Se oyeron carcajadas, pero algunos, mujeres y hombres, seguían mirando desasosegados hacia las casas.
Así que habían puesto en práctica su plan. Elinor se mordió los labios hasta hacerse daño. Mortimer y el chico habían provocado un incendio. Aún no se veía humo sobre los tejados, y pronto todos los rostros se volvieron de nuevo hacia Capricornio, que hablaba sobre la traición y la perfidia, sobre la disciplina y la peligrosa negligencia, pero Elinor apenas escuchaba. Miraba sin cesar hacia las casas, aun sabiendo que era una imprudencia.
—¡Basta de hablar de nuestros prisioneros! —exclamó Capricornio—. Digamos unas palabras sobre los que se han fugado…
Cockerell cogió un saco depositado detrás del sillón de Capricornio y se lo entregó. Capricornio, sonriendo, hundió la mano en él y extrajo un trozo de tela, procedente de una camisa o de un vestido, roto y cubierto de sangre.
—¡Están muertos! —gritó Capricornio a la concurrencia—. Como es natural, yo habría preferido verlos aquí, mas por desgracia fue inevitable matarlos a tiros durante su huida. Bueno, no lo lamento por el traidor escupefuego, a quien casi todos conocéis, y, por fortuna, Lengua de Brujo ha dejado una hija que ha heredado sus poderes.
Teresa miró a Elinor, los ojos petrificados de espanto.
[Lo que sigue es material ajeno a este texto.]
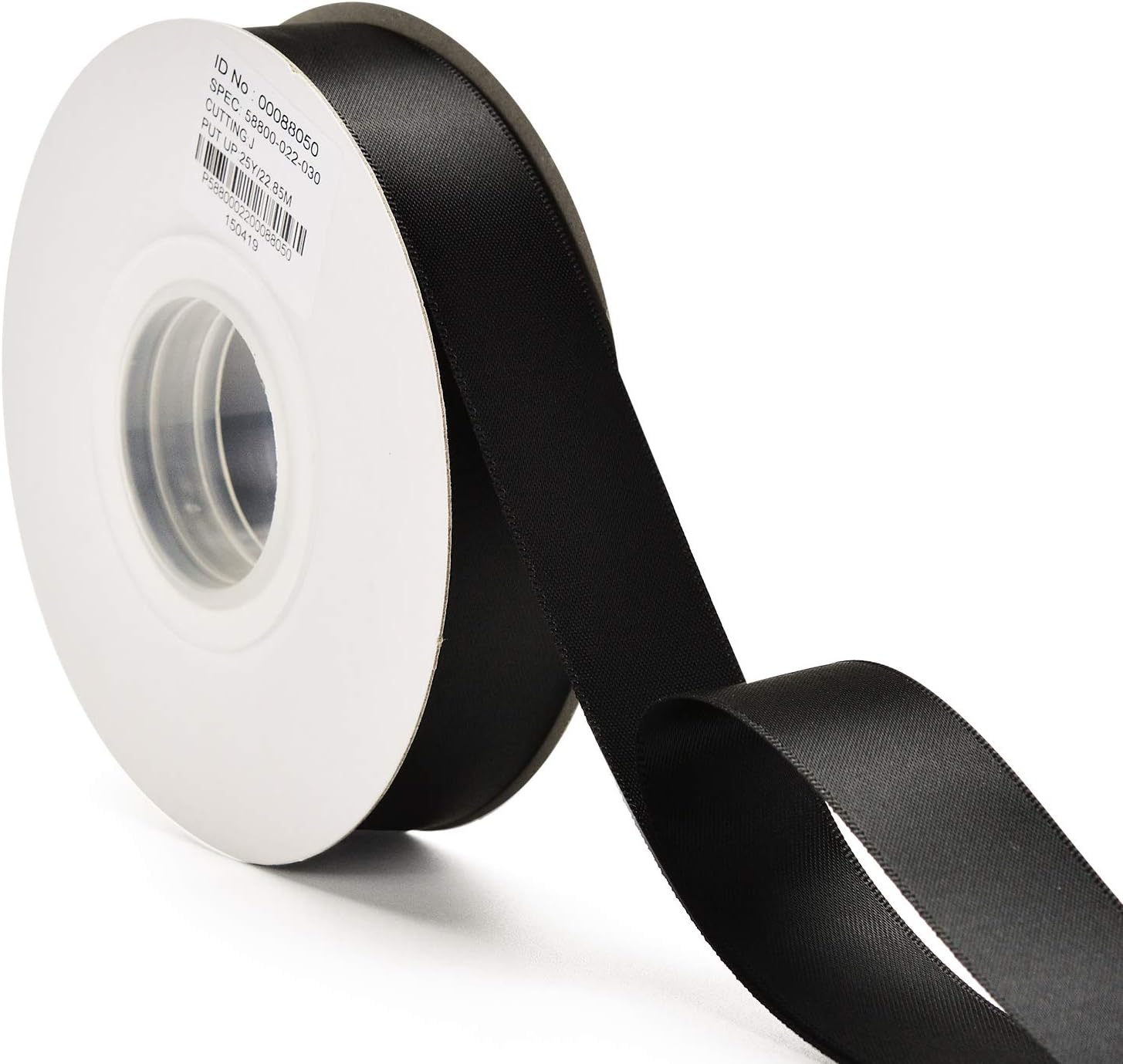 YAMA Double Face Satin Ribbon - 7/8" 25 Yards for Gift Wrapping Ribbons Roll, Black
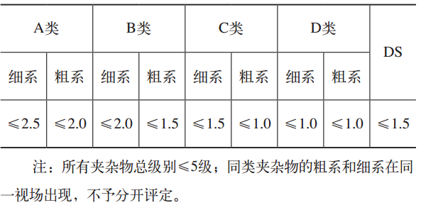 表2  非金屬夾雜物驗(yàn)收標(biāo)準(zhǔn)  (級(jí))
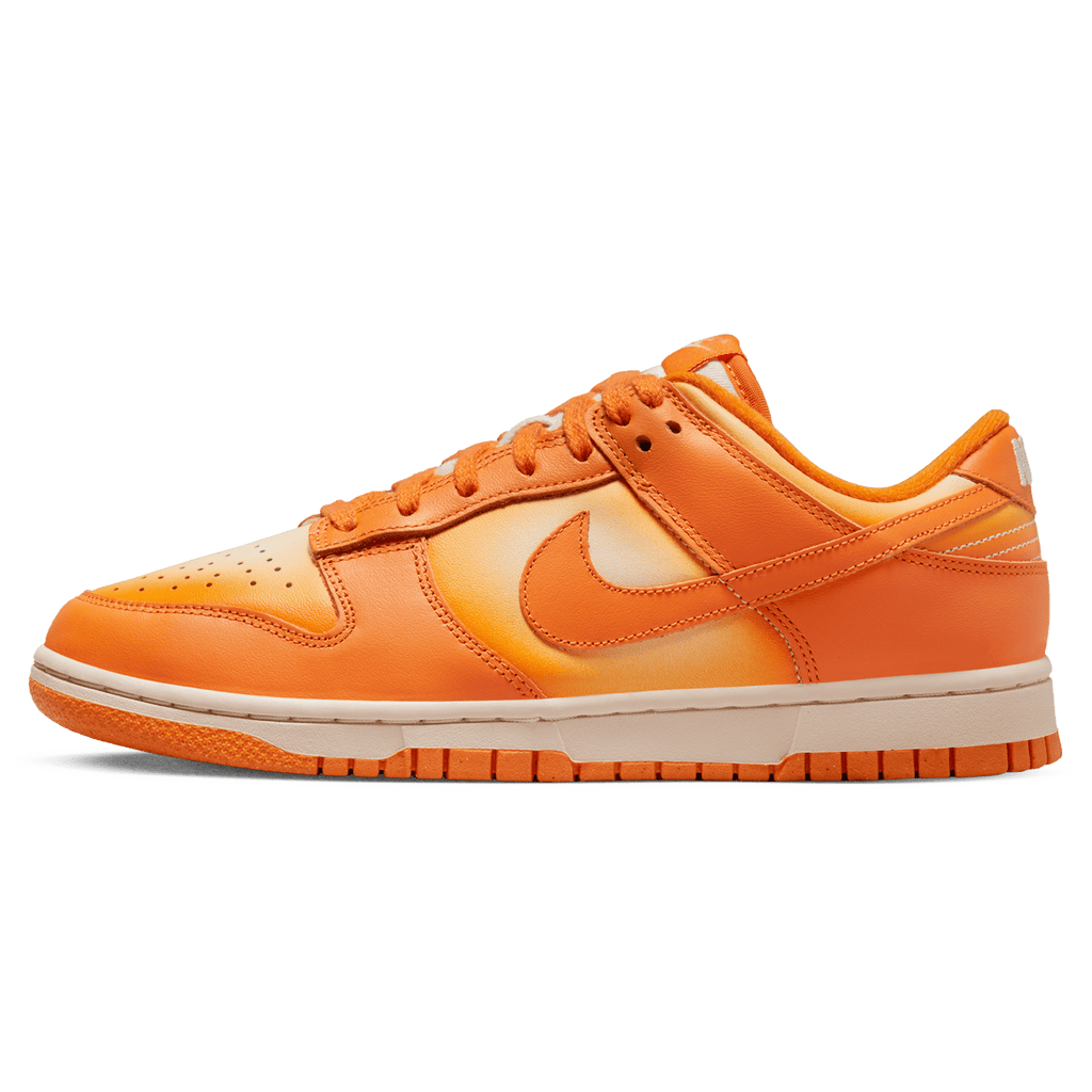 The Nike Women’s Dunk Low ‘Magma Orange’ makes over the vintage hoops shoe with a sun-bleached look. The smooth leather upper features solid orange overlays and a matching signature Swoosh. A unique colour-bleed effect distinguishes the toe box, collar and quarter panel, highlighted by faded centers with concentrated color on the edges. The low-top rests on a traditional rubber cupsole that pairs vintage off-white sidewalls with a grippy orange rubber outsole.

—¡Miente! —le susurró Elinor, aunque no podía apartar la vista de los harapos manchados de sangre—. ¡Se está aprovechando de mis mentiras! Eso no es sangre, es pintura, o tinte… —Pero vio que su sobrina no la creía.
Ella creía en los paños cubiertos de sangre, igual que su hija. Elinor lo notó en la expresión de Meggie. Le habría gustado gritarle que Capricornio mentía, pero deseaba que éste siguiera creyéndolo durante un rato… que creyera que todos ellos estaban muertos y que nadie podía perturbar su hermosa fiesta.
—¡Sí, vanaglóriate con un trapo ensangrentado, miserable incendiario! —le gritó a través de la reja—. Puedes sentirte orgulloso de ello. Además, ¿para qué necesitas otro monstruo? ¡Todos vosotros lo sois! ¡Todos los que estáis ahí sentados! ¡Asesinos de libros, raptores de niños!
Nadie le prestó atención. Un par de chaquetas negras rieron y Teresa se acercó a la reja, aferró con los dedos los delgados alambres y miró hacia Meggie.
Capricornio dejó la tela manchada de sangre sobre el reposabrazos de su sillón. «¡Yo conozco esos andrajos! —pensó Elinor con obstinación—. Los he visto en alguna parte. Ellos no han muerto. ¿Quién si no ha provocado el fuego? ¡El comecerillas!», musitaba su interior, pero se negó a escucharlo. No, la historia tenía que acabar bien. Era de justicia. A ella nunca le habían gustado las historias con un final desgraciado.